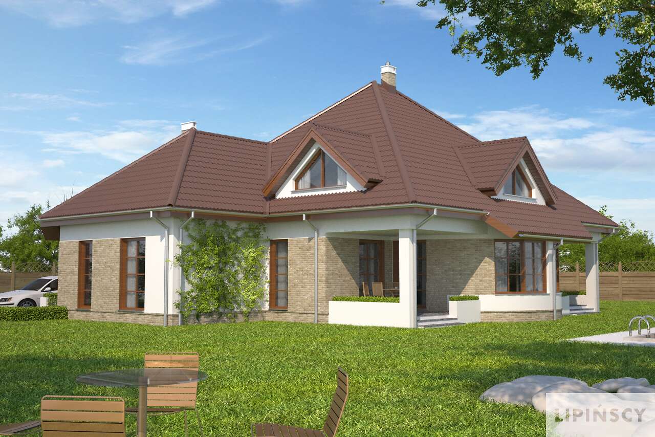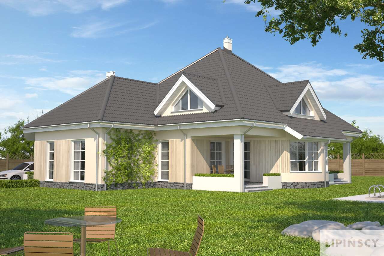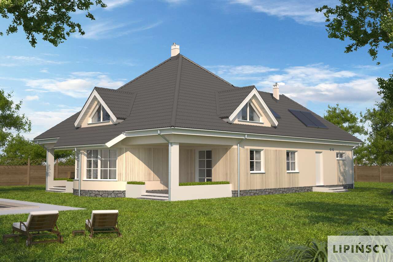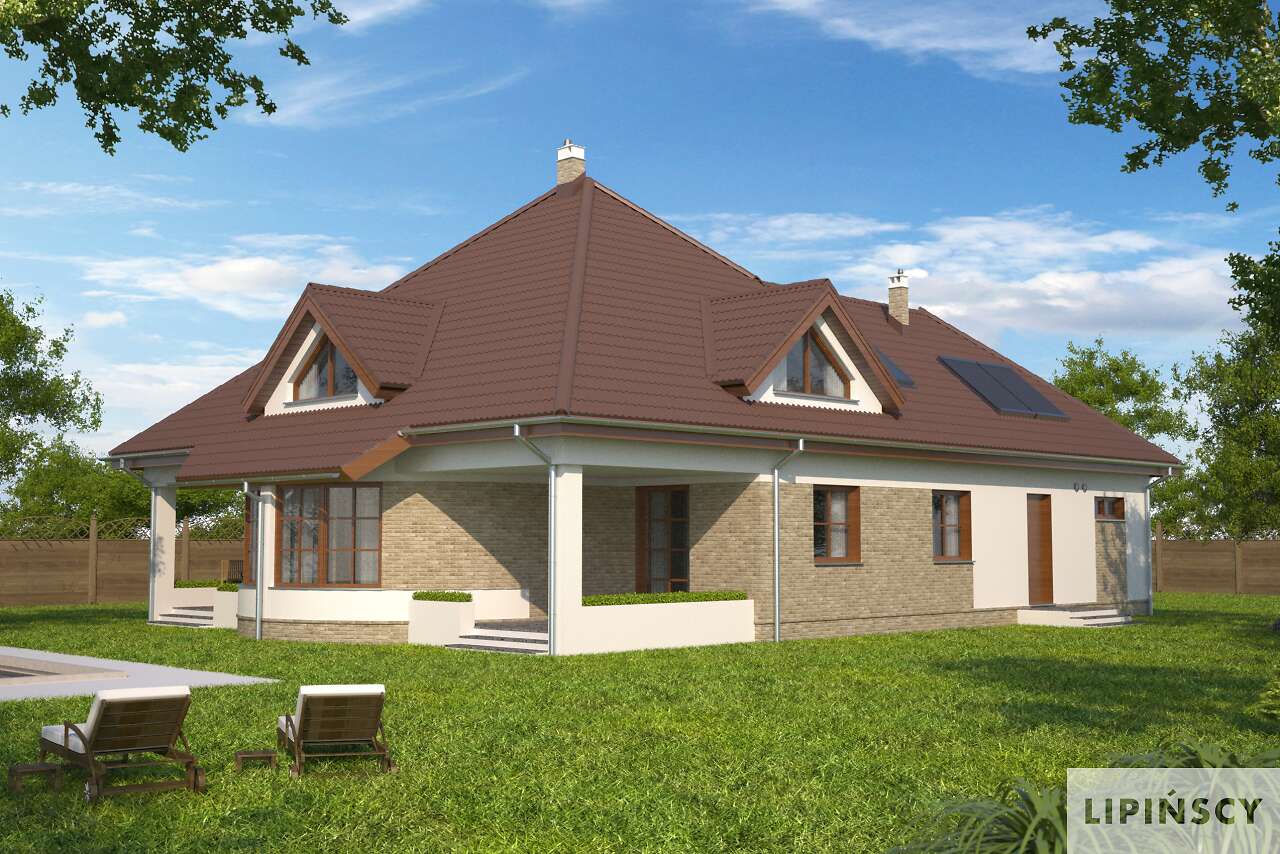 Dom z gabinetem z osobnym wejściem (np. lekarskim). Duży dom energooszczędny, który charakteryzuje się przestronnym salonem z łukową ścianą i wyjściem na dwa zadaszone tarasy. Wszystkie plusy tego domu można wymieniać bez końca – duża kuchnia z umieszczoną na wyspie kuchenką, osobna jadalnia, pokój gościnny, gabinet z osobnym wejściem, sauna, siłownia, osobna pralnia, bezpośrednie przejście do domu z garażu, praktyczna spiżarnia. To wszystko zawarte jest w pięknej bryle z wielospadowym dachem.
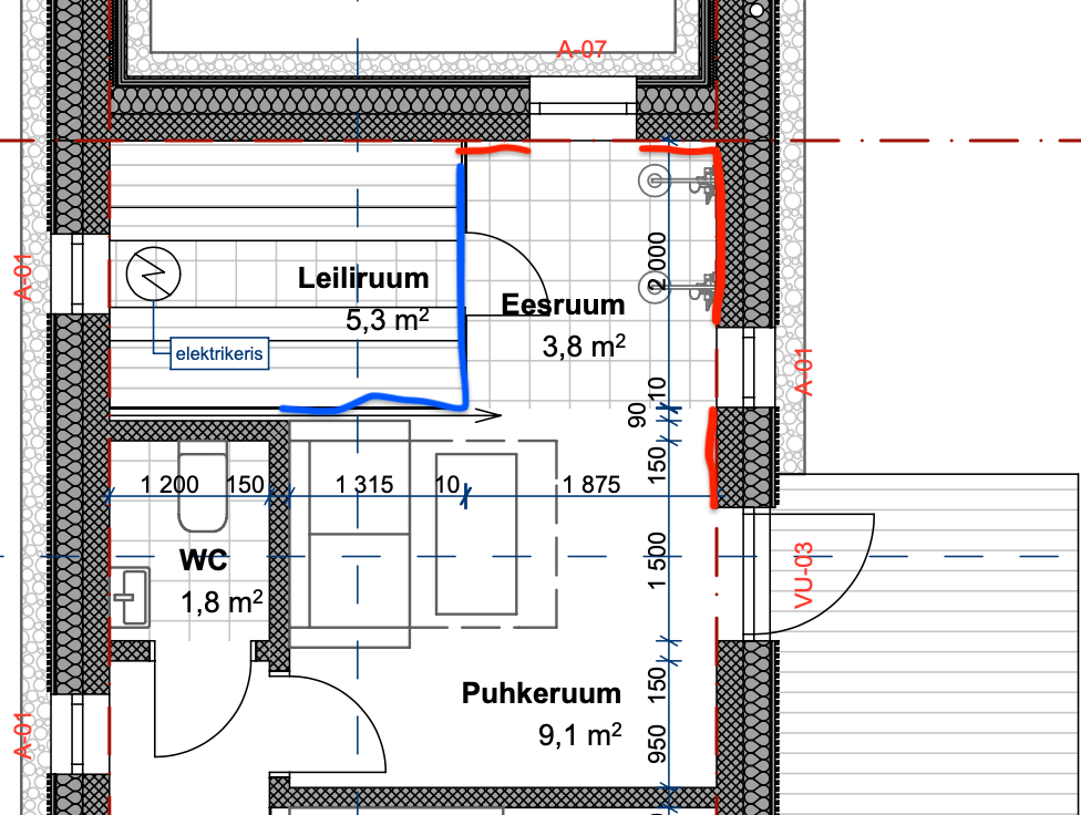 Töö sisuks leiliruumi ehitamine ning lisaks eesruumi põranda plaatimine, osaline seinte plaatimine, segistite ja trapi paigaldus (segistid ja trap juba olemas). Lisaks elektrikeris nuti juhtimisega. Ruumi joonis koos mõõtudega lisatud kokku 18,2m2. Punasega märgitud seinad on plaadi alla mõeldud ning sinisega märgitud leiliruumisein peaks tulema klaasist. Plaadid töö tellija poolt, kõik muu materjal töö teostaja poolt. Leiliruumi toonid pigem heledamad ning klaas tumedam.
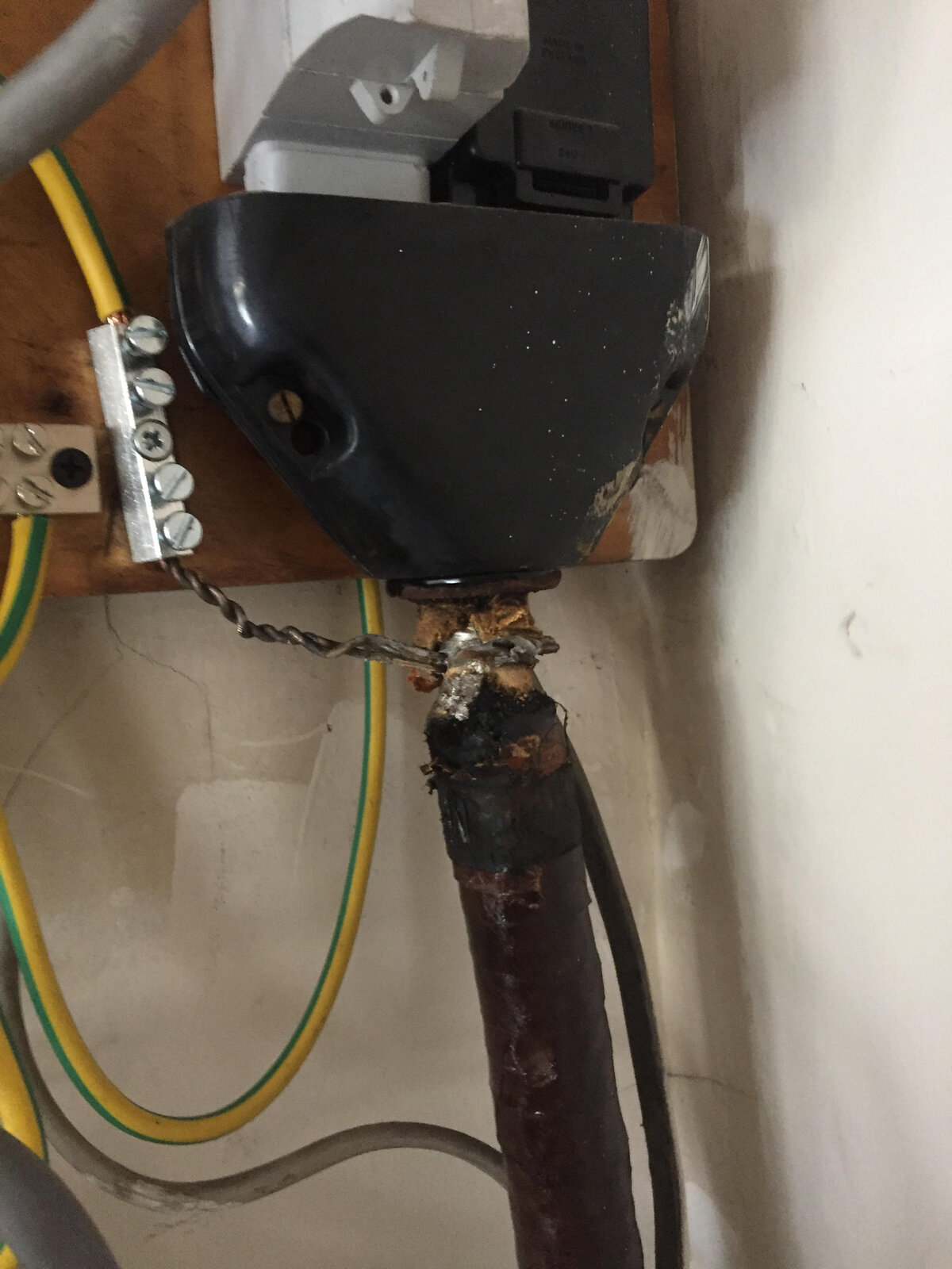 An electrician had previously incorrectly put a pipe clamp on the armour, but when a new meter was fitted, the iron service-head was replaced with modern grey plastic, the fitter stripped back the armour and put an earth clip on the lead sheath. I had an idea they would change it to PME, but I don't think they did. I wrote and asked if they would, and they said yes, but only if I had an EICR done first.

§ WHAT IS BEING ASKED
A word-for-word copy of the listing is needed. It must not include the pictures.

§ COMPLETED TASK
 Dom z gabinetem z osobnym wejściem (np. lekarskim). Duży dom energooszczędny, który charakteryzuje się przestronnym salonem z łukową ścianą i wyjściem na dwa zadaszone tarasy. Wszystkie plusy tego domu można wymieniać bez końca – duża kuchnia z umieszczoną na wyspie kuchenką, osobna jadalnia, pokój gościnny, gabinet z osobnym wejściem, sauna, siłownia, osobna pralnia, bezpośrednie przejście do domu z garażu, praktyczna spiżarnia. To wszystko zawarte jest w pięknej bryle z wielospadowym dachem.
 Töö sisuks leiliruumi ehitamine ning lisaks eesruumi põranda plaatimine, osaline seinte plaatimine, segistite ja trapi paigaldus (segistid ja trap juba olemas). Lisaks elektrikeris nuti juhtimisega. Ruumi joonis koos mõõtudega lisatud kokku 18,2m2. Punasega märgitud seinad on plaadi alla mõeldud ning sinisega märgitud leiliruumisein peaks tulema klaasist. Plaadid töö tellija poolt, kõik muu materjal töö teostaja poolt. Leiliruumi toonid pigem heledamad ning klaas tumedam.
 An electrician had previously incorrectly put a pipe clamp on the armour, but when a new meter was fitted, the iron service-head was replaced with modern grey plastic, the fitter stripped back the armour and put an earth clip on the lead sheath. I had an idea they would change it to PME, but I don't think they did. I wrote and asked if they would, and they said yes, but only if I had an EICR done first.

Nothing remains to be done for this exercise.